# [Raw data]
- - -
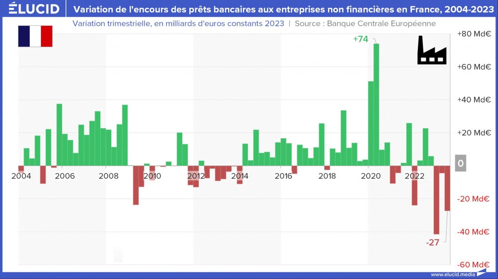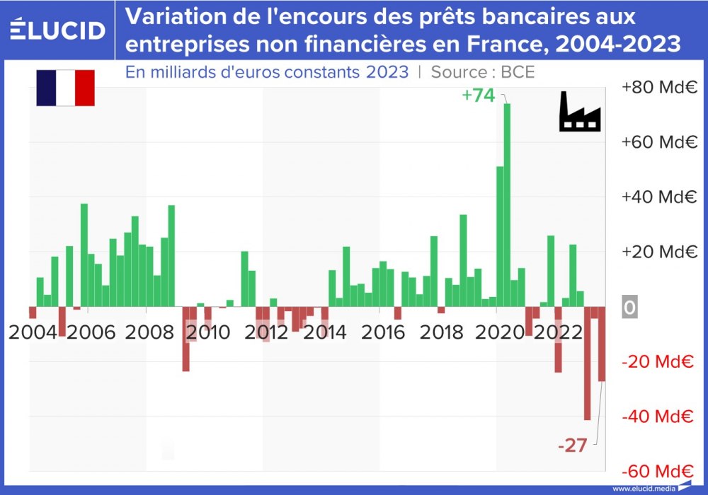 Mais le marché immobilier n’est pas le seul touché par la hausse du coût des crédits. Les entreprises voient aussi leur encours de crédit diminuer, c’est donc autant d’investissements en moins, donc de production en moins, donc d’emplois et de revenus en moins.
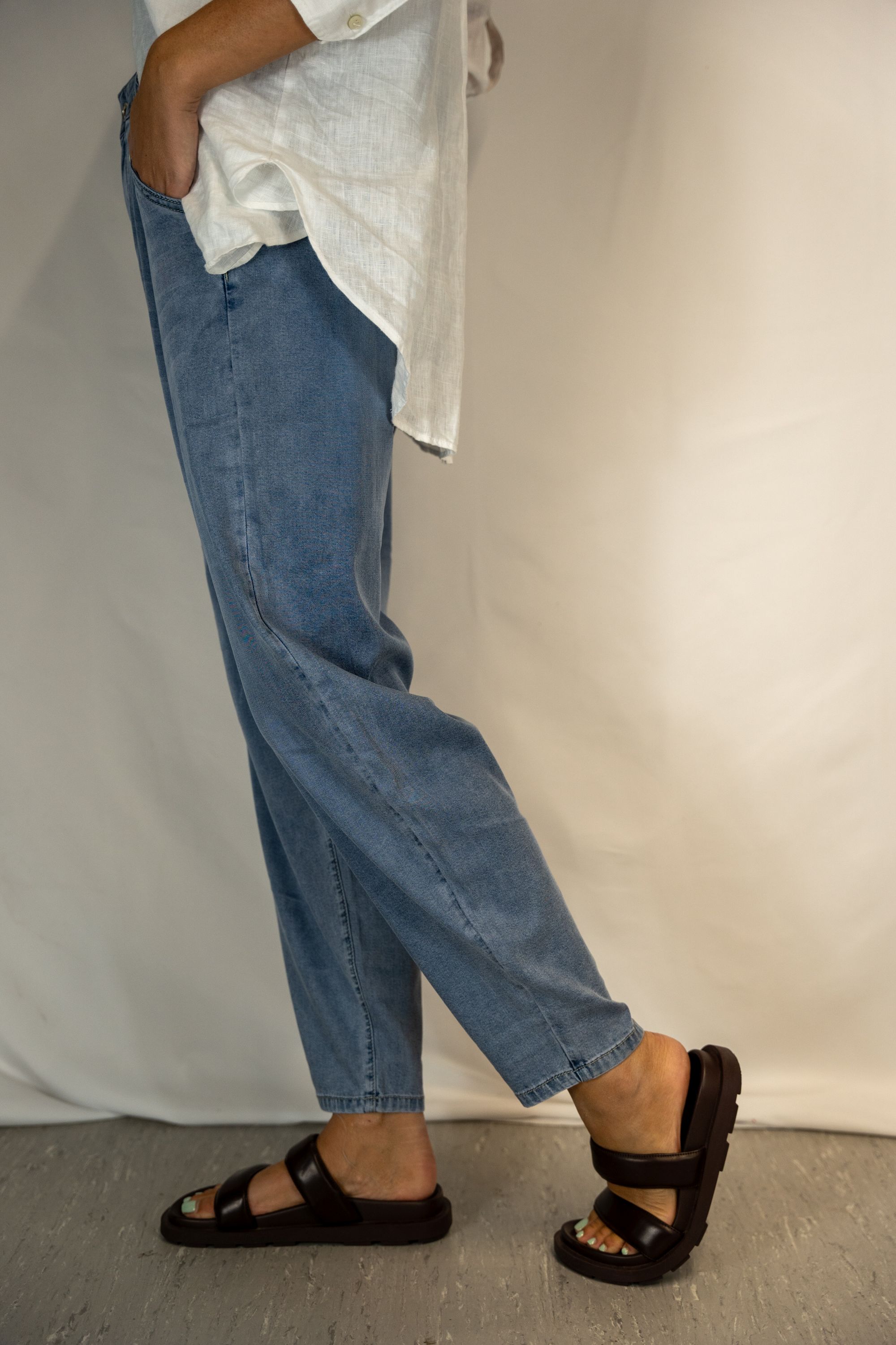 Der modische Blue Monkey Style Ashley sitzt bequem auf der Taille. Der Ballon Fit entsteht durch den O-Shape Beinverlauf und die Bundfalten. Die Cropped Länge verleiht der Jeans eine extra lässiges Finish.
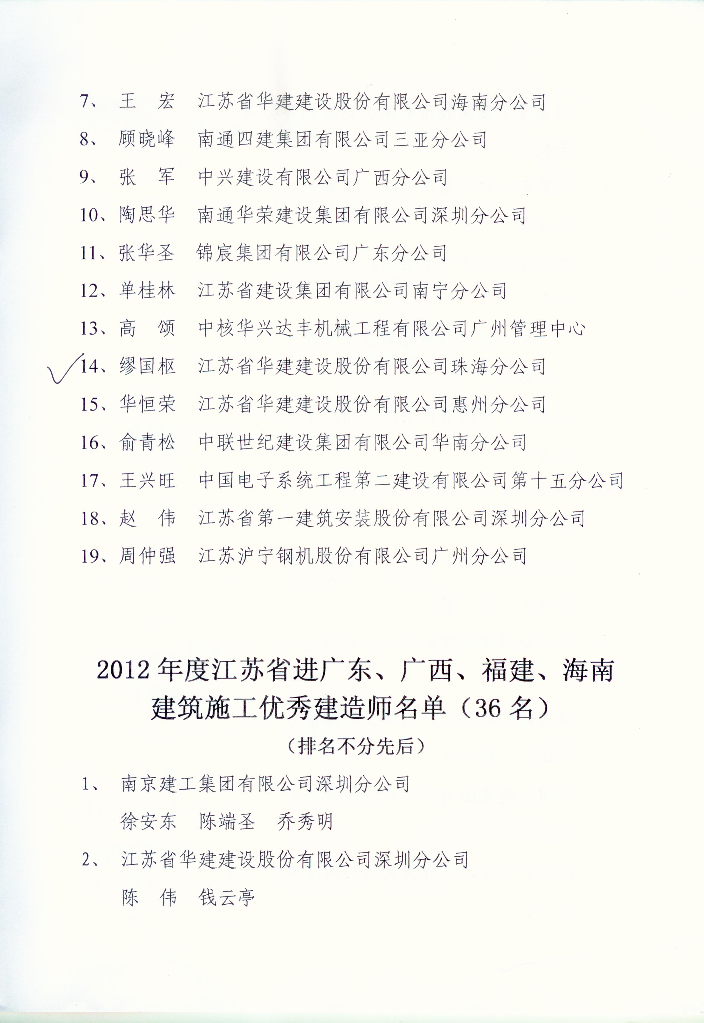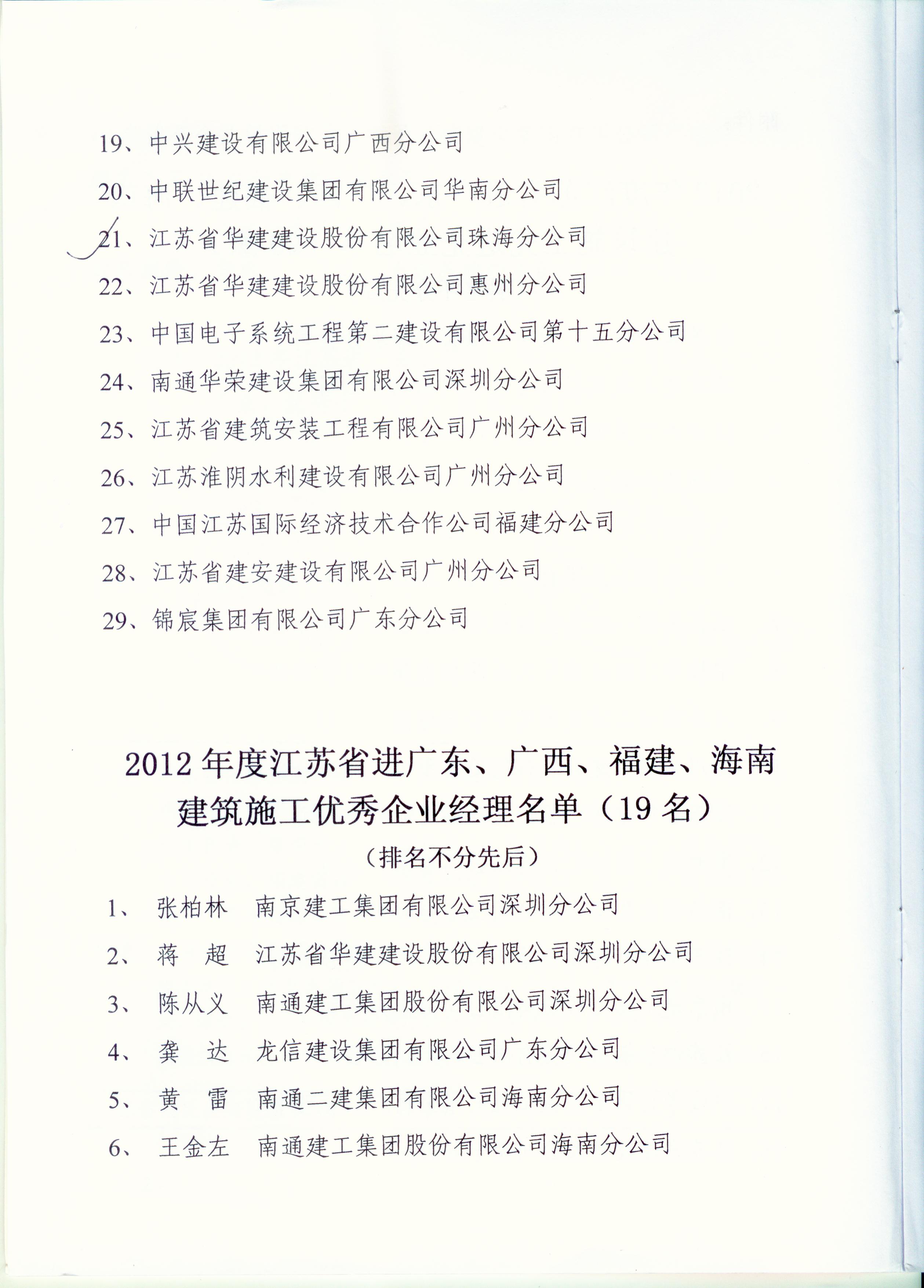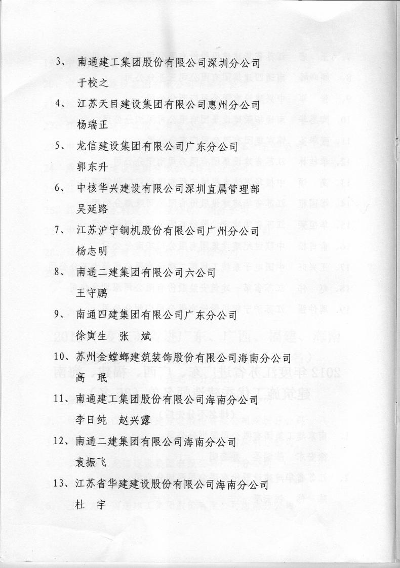 2012年江蘇進粵、桂、閩、瓊建筑施工先進企業、優秀企業經理、優秀建造師及經營財務管理、質量安全管理先進個人
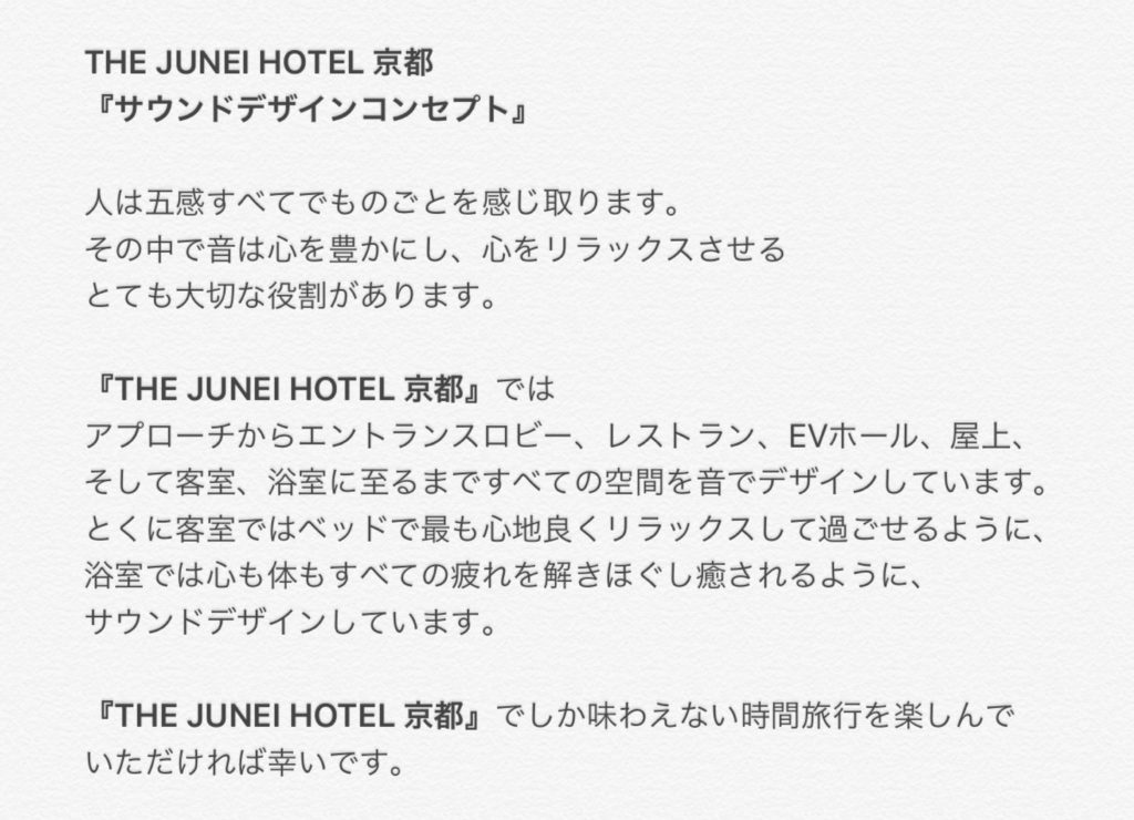 THE JUNEI HOTEL KYOTO 2020.11.15プロデュース事例一覧, 音と香りの空間デザイン事例 THE JUNEI HOTEL KYOTO (京都府 東山・御所西) 空間音響デザインを担当させていただきました。 京都 御所西 2020年 world luxury hotel awards 受賞 2020年 traveler reader’s awards 受賞 投稿者: one and only Inc. プロデュース事例一覧, 音と香りの空間デザイン事例 熱川プリンスホテル フレンチレストラン・ウェディング古我邸 関連記事一覧 フレンチレストラン・ウェディング古我邸 中国料理 新香港(xin xiang gana) サンリヤン相模原ステーションヴィラ 渓谷に佇む隠れ宿 峡泉
- - -
Could the material above be written out again word for word, with the pictures dropped?

# [Reply to the exercise]
 Mais le marché immobilier n’est pas le seul touché par la hausse du coût des crédits. Les entreprises voient aussi leur encours de crédit diminuer, c’est donc autant d’investissements en moins, donc de production en moins, donc d’emplois et de revenus en moins.
 Der modische Blue Monkey Style Ashley sitzt bequem auf der Taille. Der Ballon Fit entsteht durch den O-Shape Beinverlauf und die Bundfalten. Die Cropped Länge verleiht der Jeans eine extra lässiges Finish.
 2012年江蘇進粵、桂、閩、瓊建筑施工先進企業、優秀企業經理、優秀建造師及經營財務管理、質量安全管理先進個人
 THE JUNEI HOTEL KYOTO 2020.11.15プロデュース事例一覧, 音と香りの空間デザイン事例 THE JUNEI HOTEL KYOTO (京都府 東山・御所西) 空間音響デザインを担当させていただきました。 京都 御所西 2020年 world luxury hotel awards 受賞 2020年 traveler reader’s awards 受賞 投稿者: one and only Inc. プロデュース事例一覧, 音と香りの空間デザイン事例 熱川プリンスホテル フレンチレストラン・ウェディング古我邸 関連記事一覧 フレンチレストラン・ウェディング古我邸 中国料理 新香港(xin xiang gana) サンリヤン相模原ステーションヴィラ 渓谷に佇む隠れ宿 峡泉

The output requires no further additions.